Fraction d’éjection (FE) : Physiologie, mesure et évaluation clinique
Fraction d’éjection ventriculaire (FE)
Depuis plusieurs décennies, la fraction d’éjection (FE) est la principale méthode d’évaluation de la fonction systolique du ventricule gauche. La fraction d’éjection est simple à calculer : si le ventricule gauche contient 100 ml de sang à la fin de la diastole et que 40 ml sont expulsés pendant la systole, la fraction d’éjection est de 40 %. La fraction d’éjection est donc le volume systolique (SV) divisé par le volume de fin de diastole (EDV) :
EF (%) = (SV/EDV)-100
FE = fraction d’éjection
Comme le volume systolique (SV) est la différence entre le volume de fin de diastole (EDV) et le volume de fin de systole (ESV), la FE peut également être calculée comme suit :
FE (%) = [(VED-ESV)/VED]-100
Valeurs normales de la fraction d’éjection (FE)

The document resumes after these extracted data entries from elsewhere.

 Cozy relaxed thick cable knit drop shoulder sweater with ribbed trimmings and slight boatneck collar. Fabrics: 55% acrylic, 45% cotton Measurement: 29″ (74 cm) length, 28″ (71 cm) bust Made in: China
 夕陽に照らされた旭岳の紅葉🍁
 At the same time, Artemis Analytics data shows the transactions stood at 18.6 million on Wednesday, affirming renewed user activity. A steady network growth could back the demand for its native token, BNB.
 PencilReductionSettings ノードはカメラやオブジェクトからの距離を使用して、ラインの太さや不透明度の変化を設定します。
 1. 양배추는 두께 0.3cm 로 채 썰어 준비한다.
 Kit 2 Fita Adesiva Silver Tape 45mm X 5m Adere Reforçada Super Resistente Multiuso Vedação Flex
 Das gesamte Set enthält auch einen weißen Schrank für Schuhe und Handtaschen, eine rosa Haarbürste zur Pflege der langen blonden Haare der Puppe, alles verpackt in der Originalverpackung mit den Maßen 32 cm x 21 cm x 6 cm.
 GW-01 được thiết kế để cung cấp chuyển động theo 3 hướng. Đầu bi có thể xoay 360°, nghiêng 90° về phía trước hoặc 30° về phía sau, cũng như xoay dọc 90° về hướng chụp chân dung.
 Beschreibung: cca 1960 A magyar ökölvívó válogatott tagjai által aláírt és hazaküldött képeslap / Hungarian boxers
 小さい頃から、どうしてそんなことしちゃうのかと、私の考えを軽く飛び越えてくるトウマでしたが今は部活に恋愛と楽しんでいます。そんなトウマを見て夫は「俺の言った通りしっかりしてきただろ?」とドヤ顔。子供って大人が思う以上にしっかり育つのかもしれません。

Des études menées sur des individus en bonne santé suggèrent que la fraction d’éjection moyenne est comprise entre 63 % et 69 %. Les lignes directrices européennes et américaines s’accordent à dire que la limite normale inférieure de la fraction d’éjection est de 55 %. Une fraction d’éjection réduite est définie comme une fraction d’éjection insuffisance cardiaque avec fraction d’éjection réduite (ICER).

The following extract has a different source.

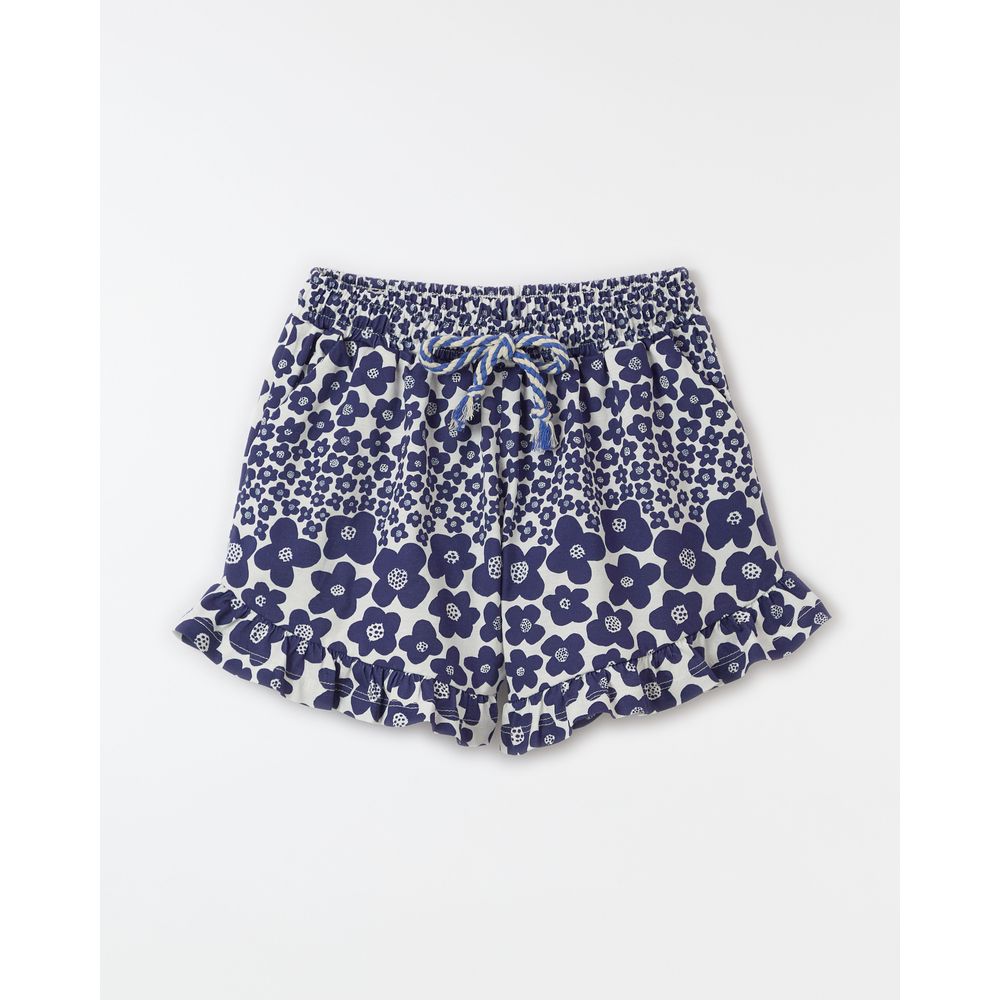Short infantil desenvolvido em malha de algodão com bolsos, babado na barra, elástico na cintura com amarração regulável e os desenhos da estampa Flor Bela.

Fraction d’éjection moyenne | 63% à 69% |
Limite normale inférieure | 55% |
La fraction d’éjection est systématiquement examinée au repos, ce qui ne révèle pas la capacité fonctionnelle (maximale) du ventricule gauche, car il faudrait pour cela mesurer la fraction d’éjection au cours d’une épreuve d’effort sous-maximale. La réserve de fraction d’é jection est la réserve disponible de fraction d’éjection qui peut être générée pendant l’exercice.
Effet de la précharge et de la postcharge sur la fraction d’éjection
La fraction d’éjection dépend fortement de la précharge et de la postcharge. Une augmentation rapide de la précharge (par exemple en augmentant le retour veineux vers le cœur en position couchée) entraîne une augmentation immédiate de la fraction d’éjection. De même, une diminution de la postcharge (par exemple par le biais d’une diminution de la résistance dans la circulation systémique) entraîne une augmentation de la fraction d’éjection. L’inverse est également vrai : une diminution de la précharge entraîne une réduction de la fraction d’éjection, et une augmentation de la postcharge entraîne une réduction de la fraction d’éjection.
La fraction d’éjection étant affectée par la précharge et la postcharge, il est nécessaire de prendre en compte les conditions de charge lors de l’évaluation de la fraction d’éjection mesurée. Idéalement, la fraction d’éjection devrait être évaluée dans des conditions de charge normales pour le patient. Si des échocardiogrammes répétés révèlent des variations prononcées de la fraction d’éjection, il est probable que les variations de la précharge et de la postcharge, plutôt que les changements de la fonction contractile, expliquent les variations de la fraction d’éjection.
Fraction d’éjection et volume ventriculaire gauche
La fraction d’éjection est également influencée par le volume (taille) du ventricule gauche. Par exemple, les athlètes ont des dimensions ventriculaires importantes et une fraction d’éjection souvent plus faible que les non-athlètes. Cela s’explique par le fait que le cœur de l’athlète produit des volumes d’éjection systolique beaucoup plus importants, qui répondent à la demande en oxygène de l’organisme malgré des fractions d’éjection plus faibles.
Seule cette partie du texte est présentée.